I think most people misunderstand or at least misstate Gladwell's "rule." He indicated that the minimum amount of time for anyone to become a true expert in any subject is 10,000 hours of serious study. This does not mean, as some people assume/assert, that studying a topic for 10,000 hours will definitely make you an expert. You need some innate talent/intelligence as well. The main point is that notwithstanding all the stories of natural prodigies, even the most gifted have to spend the time to practice their craft.
So 10,000 is neither necessary nor sufficient. It's just that practice is guaranteed to make you better.
Here's the real story: ridiculous claims are guaranteed to sell your book.
I became an expert after 2 years and 7 months and practicing about 4 hours a day on average. Pretty sure that's not 10,000 hours.
wow me criticiseing a NM at chess.com, guess it has to be a first for everything.
but "anyone who have to call themselves king, is no true king"
I have not seen any of your games, still I trust chess.com and belive you are kind of good. But Gladwell wrote a whole book about why you are not an expert. please read it before proclaiming yourself one. -
By expert I mean USCF 2000. To be an "expert" in the "field" of chess is probably GM.
How long after that to reach NM?
"So 10,000 is neither necessary nor sufficient. It's just that practice is guaranteed to make you better."
He's more likely to be claiming that 10,000 is necessary, but not sufficient. But of course it's hard to imagine such a specific number as 10,000 would apply everywhere. But even a Carlsen, for example... I don't see him being GM in his first 10 hours of playing, in fact he would probably be pretty bad after just 10 hours. He simply was the kind of person who could benefit from all that encoding of patterns, and for that it's hard to get around obnoxiously large amounts of study. We are not engines, of course, but just pure thought without patterns, in a game with so many possibilities, is terribly slow, even if that thought is really clever.

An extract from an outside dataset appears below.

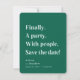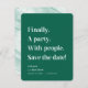 Finalmente un Fiesta de texto simple verde esmeralda Minimalista Salven la fecha. Un diseño sencillo y moderno resalta esta tipografía editable en color. Finalmente. Un fiesta. Con la gente. Reserva la fecha! Con una textura de mármol de bonito en la parte trasera, pero que puede ser reemplazada por tu propia foto. ~ Revisa mi tienda para ver toda la suite boda para este diseño!
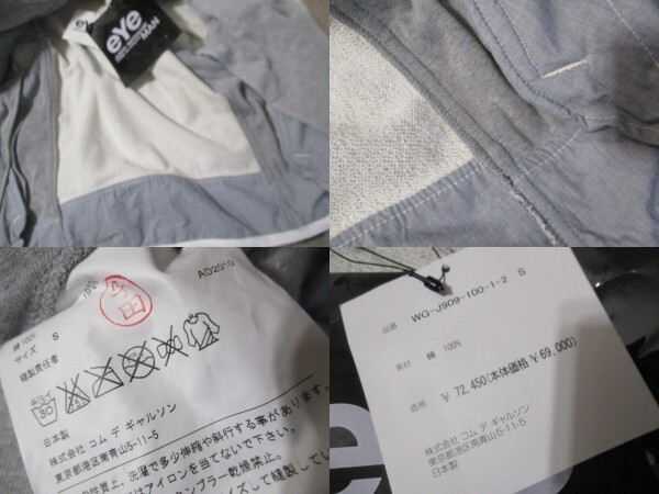 『送料レターパックライト円対応可能    2011SS   eYe COMME des GARCONS JUNYA WATANABE MAN     解体再構築スウェットライダースジャケット    メンズS    グレー』

To believe the ideas above does not commit one to accept everyone who puts in the hours. It just means to refuse everyone who does not.
Actually, the research shows that is takes 10,478 hours, 16 minutes, and 21 seconds. For each point over 120 a person's IQ, ten hours and seven minutes can be subtracted.Naturally, the researchers rounded down to reach an easy to remember number since most people, especially those with advanced degrees in psychology, have IQs below 110.
Careful, or people might begin repeating this so much that it will become a fact.
Honestly... I wouldn't be too surprised if some scientific "study" actually did claim this, or at least some pop science magazine interpreted a study this way. (...).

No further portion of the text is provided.